Film Review: Hotel Artemis”

Starring: Jodie Foster, Sterling K. Brown and Sofia Boutella
Directed By: Drew Pearce
Rated: R
Running Time: 94 minutes
Global Road Entertainment

Sometimes a movie feels and looks interesting, but it isn’t. That gorgeous outer shell, sometimes in the set design or on the face of its familiar and likable characters, inherently lacks a soul. “Hotel Artemis” is a movie that wants to be loved and adored by its viewing audience. It repeatedly tells and shows the audience that it’s grimy and noir, futuristic and relevant, funny and heartfelt, but it never really proves it’s any of those things.

Jodie Foster (who’s shockingly been absent from the silver screen for five years) plays Jean, a nurse running to and fro throughout the Hotel Artemis, a safe haven for criminals in 2028 Los Angeles. She’s assisted by the bulky and intimidating, yet soft on the inside, Everest (Dave Bautista). The two-person staff somehow operates the multi-room establishment, as they patch up wounds, remove bullets, and use 3D printers to create new organs for criminals from all walks of life.

“Hotel Artemis” shrivels up in the shadow of other, much better, films that it’s seemingly ripping off of. One can’t help but think of the Continental from “John Wick” throughout much of the film’s runtime. I was also reminded of several other grindhouse, dystopian future, and sci-fi films with more developed characters and fleshed out concepts. The film takes place in one night, with the backdrop being riots throughout the city over privatized water and a company hoarding what’s left. That actually sounds more interesting than Nurse Jean’s predicaments.

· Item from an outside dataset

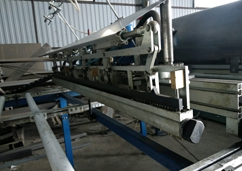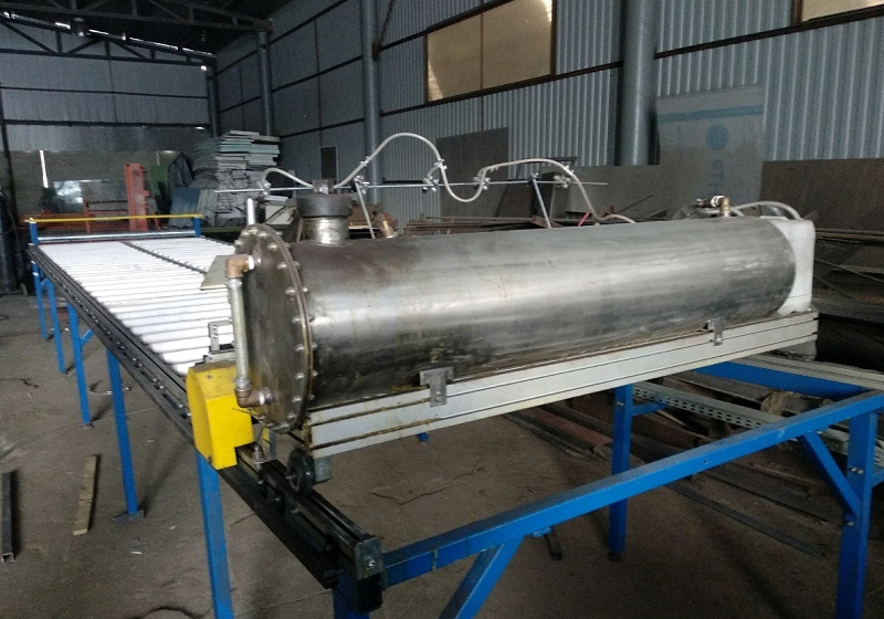Состав установки SNK-2000.3/04: •Модульный рольганг – 1 шт.; •Каретка подвижная в составе: -Электродвигатель привода каретка – 1 шт. -Насос подачи воды – 1 шт. -Емкость для клея (100 л) – 1 шт. •Поливочный гребень с пневмоцилиндрами, масляной емкостью, соплами, запорным механизмом – 1 шт. •Компрессор сжатого воздуха с осушающими фильтрами – 1 шт. •Пульт управления с проводами, датчиками, гусеницей (гибкий кабель-канал) -1 шт. •Заглушки на сопла – 50 шт. ( для перекрытия 500 мм гребня) •Бок валов с регулировкой зазора, шириной 1500 мм для предварительного сжатия панелей 1 шт.
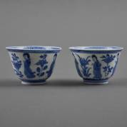 Twee Chinees porseleinen klapmutskommen met blauw-wit decor van figuren op een terras en karakters in vakken, het plat met spelende zotjes, Kangxi gemerkt en periode -chips en haarlijnen-, 7,5 × Ø 15,8 cm

“Hotel Artemis” is so busy; it manages to glide over some of its storytelling faults, but not all of them. The film lags in certain moments, like ham-fisted exposition delivery in dialogue or lingering on its own visual aesthetics. It succeeds in banter between criminals within the hospital’s confines and slowly peeling back what makes Nurse Jean tick. Even as my mind drifted away from the premise, the movie had this knack for reeling me back in.

The acting talent brought in for this movie is impressive, but they feel like they’re playing down to the material or that they’re simply miscast. Charlie Day plays an all-talk arms dealer that should be replicating his naturally funny and manic strengths, while Sterling K. Brown, who’s shown his dramatic chops on TV, seems neutered in his range for this film. However, others, like Sofia Boutella, play well to their French femme fatale role and Bautista seems at home playing Drax-lite.

Director/writer Drew Pearce, who’s worked on “Iron Man 3” and a “Mission: Impossible” movie, seems a bit incapable of bringing it altogether. Instead of stirring all the film’s themes and ideas into a cohesive vision, he mainly paints everything in messy broad strokes that’s sometimes difficult to digest and unfortunately forgettable. There are a few things that work in “Hotel Artemis,” and in much better hands, it would have been an unforgettable film.